In the third and final step, we will use these attention weights to generate all the context vectors through matrix multiplication:

In [13]:
all_context_vecs = attn_weights @ inputs
print(all_context_vecs)

tensor([[0.4421, 0.5931, 0.5790],
        [0.4419, 0.6515, 0.5683],
        [0.4431, 0.6496, 0.5671],
        [0.4304, 0.6298, 0.5510],
        [0.4671, 0.5910, 0.5266],
        [0.4177, 0.6503, 0.5645]])


In the resulting output tensor, each row contains a three-dimensional context vector: 
```python
tensor([[0.4421, 0.5931, 0.5790],
[0.4419, 0.6515, 0.5683],
[0.4431, 0.6496, 0.5671],
[0.4304, 0.6298, 0.5510],
[0.4671, 0.5910, 0.5266],
[0.4177, 0.6503, 0.5645]])
```

We can check that the code is correct by comparing the second line with the context vector z(2) we calculated earlier in Section 3.3.1:

In [14]:
print("Previous 2nd context vector:", context_vec_2)

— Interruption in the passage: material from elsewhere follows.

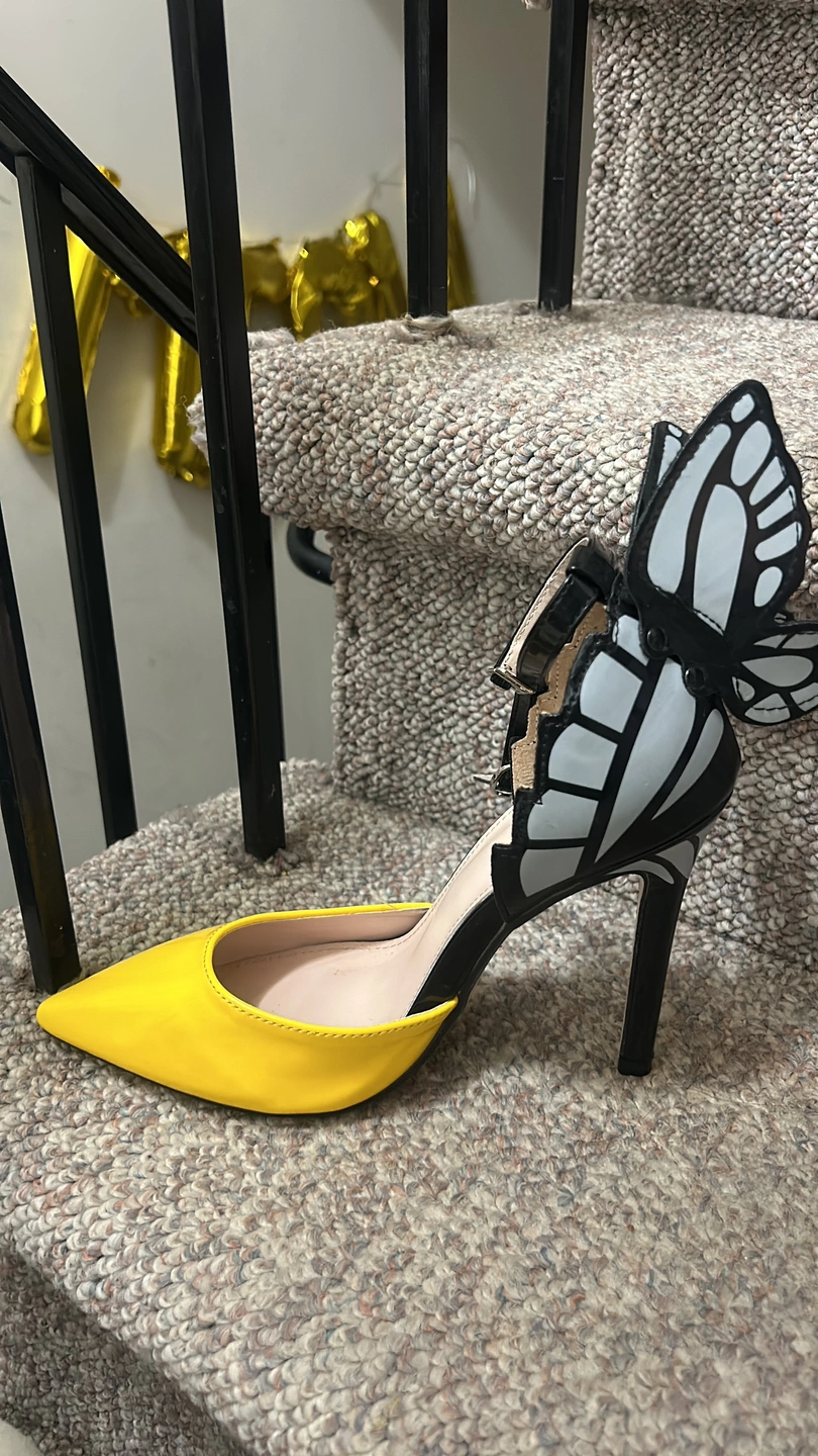 These heels are a statement piece with their yellow colour and 3D butterfly design. Super unique and cute. Only worn once.

Previous 2nd context vector: tensor([0.4419, 0.6515, 0.5683])


From the result, we can see that the previously calculated context_vec_2 exactly matches the second row in the previous tensor:
```python
Previous 2nd context vector: tensor([0.4419, 0.6515, 0.5683])
```

At this point, we have completed a code demonstration of a simple self-attention mechanism. In the next section, we will add trainable weights to enable the large language model to learn from data and improve its performance on specific tasks.